Column headers from first dataset are used for all subsequent datasets #128

rbauststfc · 2024-03-22T11:01:44Z

The library gives you the flexibility to put multiple datasets in a single file. Each of these datasets can be set up with different numbers of columns, and the column names can also be different for each dataset. However, the saved file continues to use the column headers provided for the first dataset.

This script can be used to demonstrate:

import numpy as np

from orsopy.fileio.data_source import DataSource, Person, Experiment, Sample, Measurement
from orsopy.fileio import Reduction, Software
from orsopy.fileio.orso import Orso, OrsoDataset, save_orso
from orsopy.fileio.base import Column

###################
# Set up the header data
###################

owner = Person(name=None, affiliation=None)
experiment = Experiment(
    title=None,
    instrument="Test Instrument",
    start_date=None,
    probe="neutron",
)
sample = Sample(name="Sample Name")
measurement = Measurement(instrument_settings=None, data_files=[])
creator = Person(name="Creator Name", affiliation="Affiliation")
software = Software(name="Software Name", version="v1")

data_source = DataSource(owner=owner, experiment=experiment, sample=sample, measurement=measurement)
reduction = Reduction(software=software, creator=creator)

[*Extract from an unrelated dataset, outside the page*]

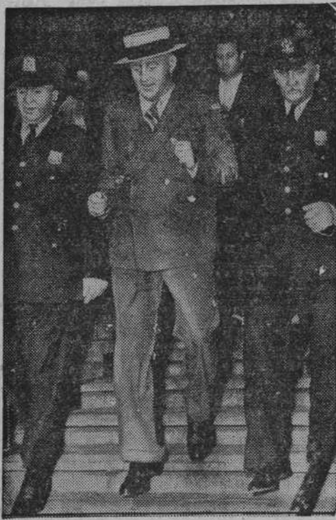
Przywódcą demokratów Tammany Hall Przywódcą amerykańskiej partii demokratycznej w Stanach Zjednoczonych Ameryki Tammany Hall oskarżony przed najwyższym sądem o przekupstwo.

Miasto od 36 godzin znajduje się w stanie alarmu i przygotowania do ewakuacji. Miejskowa straż przeciwpowodziowa oraz załoga pociągu „pomocy technicznej”, przybyłego z Berlina, budują tamy celem uchronienia miasta przed zupełnym zalaniem. W innych okolicach Śląska zanotowano na ogół spadek poziomu wód.

###############################
# Create the first OrsoDataset for the file
###############################

columns_1 = [
    Column(name="Qz", unit="1/angstrom", physical_quantity="normal_wavevector_transfer"),
    Column(name="R", unit=None, physical_quantity="reflectivity"),
]

header_1 = Orso(data_source, reduction, columns_1, "dataset_1")

data_1 = np.array([
    np.full(5, 2),
    np.full(5, 3),
]).T

dataset_1 = OrsoDataset(info=header_1, data=data_1)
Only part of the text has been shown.